Source: San Francisco Chronicle (CA)
Contact:  http://www.sfgate.com/chronicle/
Pubdate: Thu, 14 May 1998
Author: Frank Viviano, Chronicle Staff Writer

IN LAND OF CHAMPAGNE AND CROISSANTS, PILLS ARE KING

French lead the world in use of medications

On Easter Sunday, when Marie-Claude Monnet began slurring her words after a
single glass of wine and fell asleep midway through the holiday roast lamb,
the Monnet family realized that it had a problem.

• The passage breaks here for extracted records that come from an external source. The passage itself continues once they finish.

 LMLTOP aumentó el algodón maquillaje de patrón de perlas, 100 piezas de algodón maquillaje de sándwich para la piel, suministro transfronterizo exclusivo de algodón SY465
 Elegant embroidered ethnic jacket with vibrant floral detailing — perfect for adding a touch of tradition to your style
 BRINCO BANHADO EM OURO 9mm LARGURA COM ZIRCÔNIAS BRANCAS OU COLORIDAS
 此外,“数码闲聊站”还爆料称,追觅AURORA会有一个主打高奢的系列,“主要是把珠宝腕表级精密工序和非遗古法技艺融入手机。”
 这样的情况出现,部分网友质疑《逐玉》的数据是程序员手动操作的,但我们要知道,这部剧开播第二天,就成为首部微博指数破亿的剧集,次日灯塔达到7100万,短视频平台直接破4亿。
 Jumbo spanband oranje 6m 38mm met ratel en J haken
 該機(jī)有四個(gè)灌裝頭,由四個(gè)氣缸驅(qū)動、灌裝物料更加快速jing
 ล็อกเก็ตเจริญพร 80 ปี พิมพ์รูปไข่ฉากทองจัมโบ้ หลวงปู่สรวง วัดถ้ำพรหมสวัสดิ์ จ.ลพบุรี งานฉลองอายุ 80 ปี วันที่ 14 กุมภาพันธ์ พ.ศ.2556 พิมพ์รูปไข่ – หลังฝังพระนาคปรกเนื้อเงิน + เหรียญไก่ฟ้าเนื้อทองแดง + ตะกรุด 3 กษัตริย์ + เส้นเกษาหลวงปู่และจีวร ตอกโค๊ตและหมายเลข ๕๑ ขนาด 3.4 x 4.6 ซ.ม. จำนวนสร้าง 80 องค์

Her daughter Jeanne found more than 100 open boxes of tranquilizers,
narcotic painkillers and antibiotics in the 79-year-old woman's Paris
apartment. ``We had to face the facts,'' Jeanne said. ``Maman is a
droguee'' -- ``a junkie.''

The family's name has been changed, at their request. But the details are
all too real. In a nation that has become the runaway world leader in
pill-popping, Marie-Claude Monnet's pharmaceutical hoard is as typically
French as a well-stocked wine cellar. With less than 1 percent of the
world's population, France now accounts for almost 10 percent of all
expenditures on drugs worldwide.

In 1995, the Organization for Economic Co-operation and Development (OECD)
reported that the average citizen of France purchased 52 containers of
medication -- more than the total combined figure for the United States,
Great Britain, Germany and Italy.

The average French woman in Madame Monnet's age group took home 99
containers of medication, while the average 80-year-old man purchased 91.

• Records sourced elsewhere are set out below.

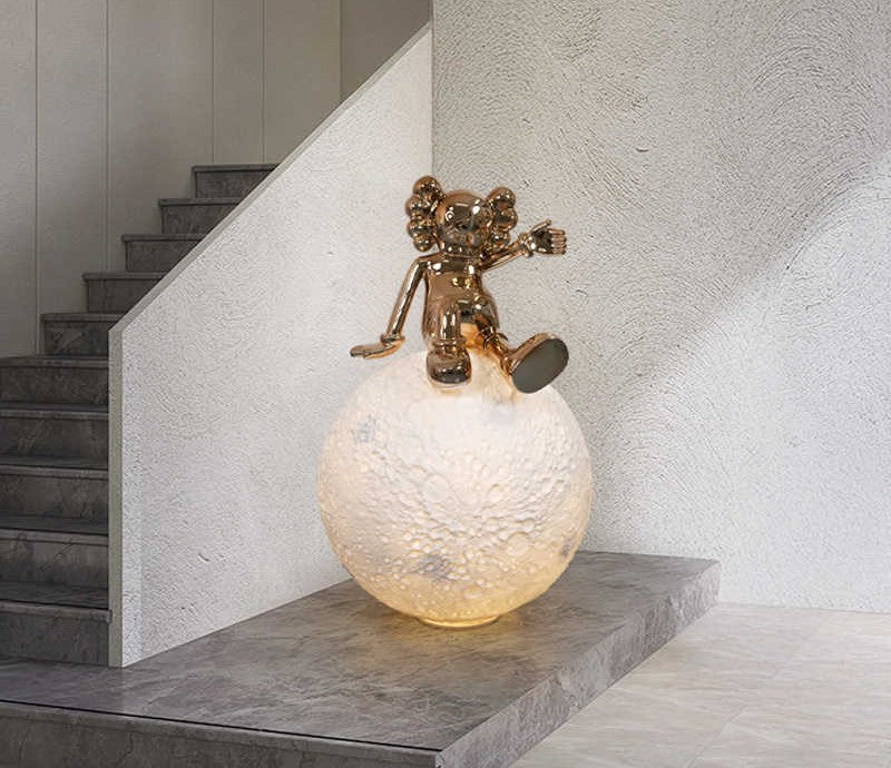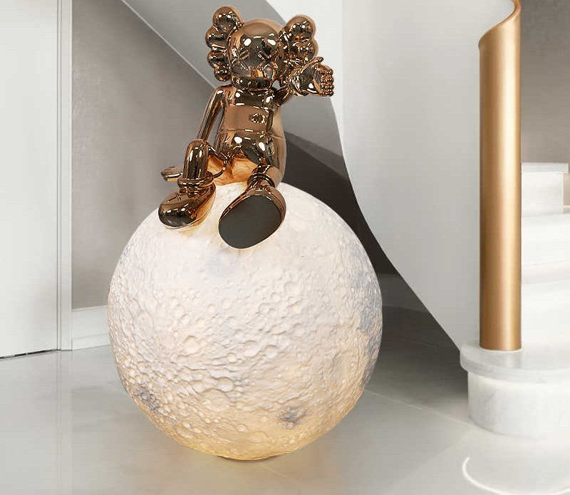 Unique designer bear sculpture features glossy finish and playful form sitting atop a moon-inspired LED lamp for standout ambiance in living rooms, staircases, or children’s rooms.
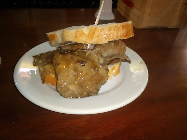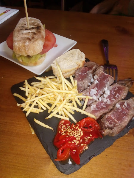 Hablando de carne una de mis grandes debilidades es el Chuletón, en la Taberna del Tío Blas hacen uno de muerte como casi todos sus pinchos, pero como es un poco caro, esta vez decidimos probarlo también en la Taberna Correos, que cuesta la mitad de precio y la verdad es que estaba bueno, pero no tenía nada que ver la carne ni en textura ni en sabor, encima a nosotros a la mesa nos llegó un poco frío. Las patatas que le acompañan son paja en vez de caseras y los pimientos son rojos en vez de padrón, es decir que por el precio está bien, pero no son buenas las comparaciones. Eso sí en este bar os recomiendo el montado compuesto por anchoa, tomate y guacamole en pan de cristal que estaba de lujo.
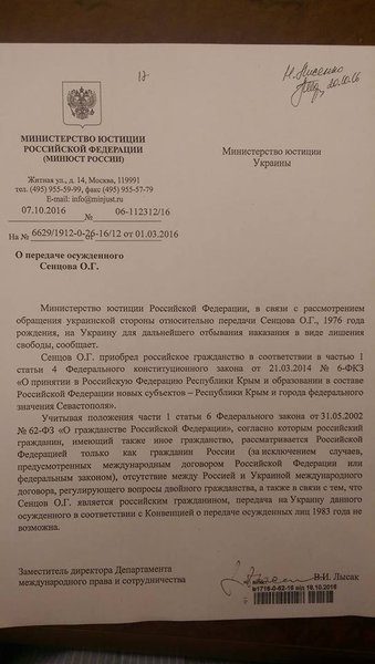 Петухов также обнародовал ответ министерства юстиции России от 7 октября на запрос Минюста Украины о передаче Сенцова.
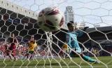 Penjaga gawang Indonesia Ernando Ari Sutaryadi gagal menghalau bola saat pertandingan sepak bola babak 16 besar Piala Asia antara Australia dan Indonesia di Stadion Jassim Bin Hamad di Doha, Qatar, Ahad (28/1/2024). Indonesia harus mengakui keunggulan Australia setelah kalah 0-4 di babak 16 besar Piala Asia. (FOTO : AP Photo/Aijaz Rahi)
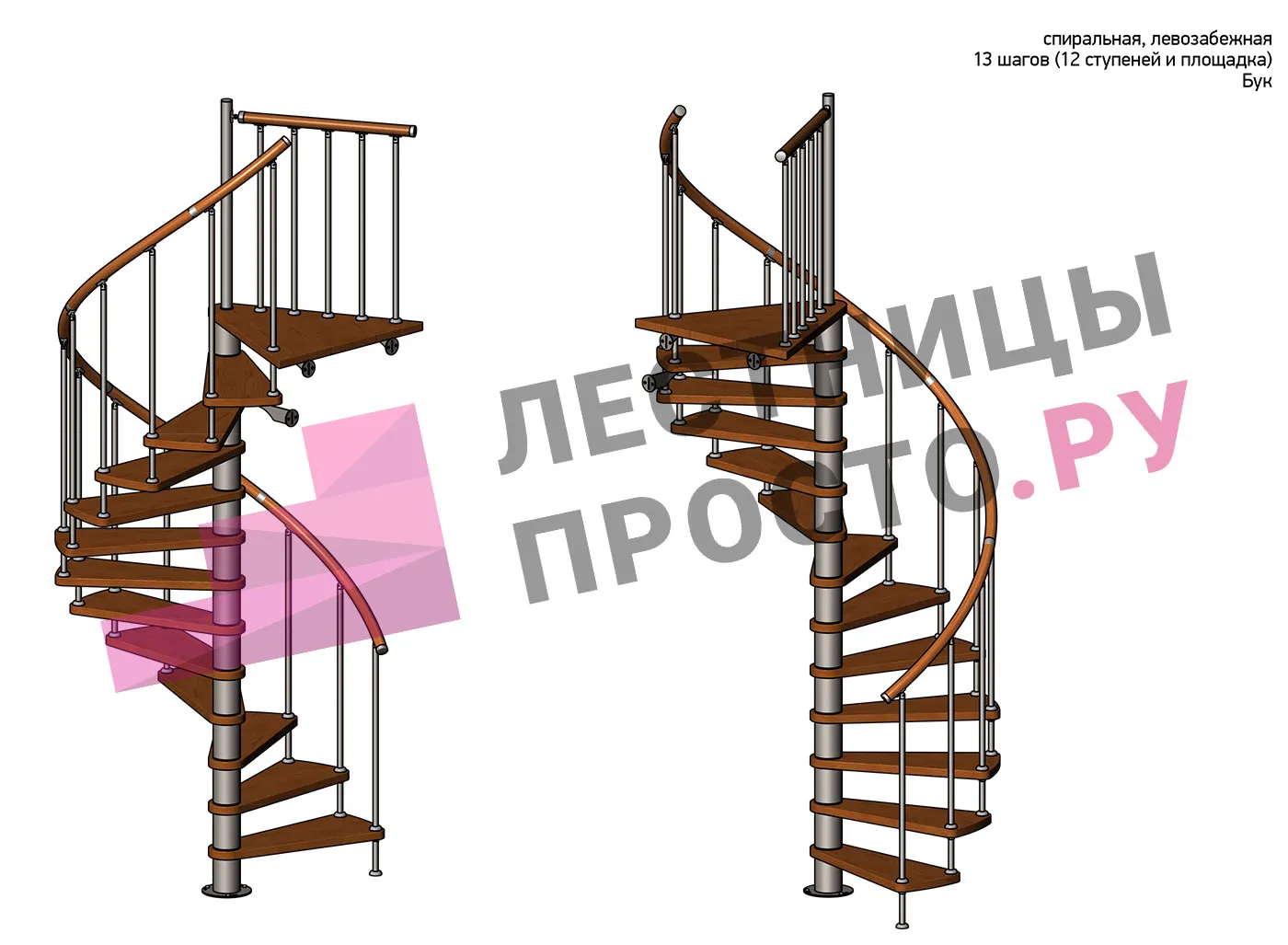 Левая, d=160см, 12 ступеней + площадка

French doctors ``prescribe four times more than the British, Irish,
Italians or Greeks, and six times more than Danish, Belgian and German
doctors,'' said pharmaceutical researcher Berthod Wurmser, an expert on
European health issues.

According to the pharmaceutical industry's own figures, purchases of
medications in France rose by 518 percent between 1970 and 1995.

A similar jump has been registered in the United States, where the national
medication bill soared from less than $10 billion in 1970 to nearly $50
billion in 1995. But adjusted for purchasing power parity, French annual
drug spending per person still remains No. 1 on Earth, at more than $300,
with the United States a close second at $290.

Lest Americans feel smug, they might take note of the fact that U.S.
suppliers aggressively feed the French habit. Marketed and purchased on the
Internet, increasing numbers of drugs are being shipped illegally to Europe
from the United States, postal authorities say.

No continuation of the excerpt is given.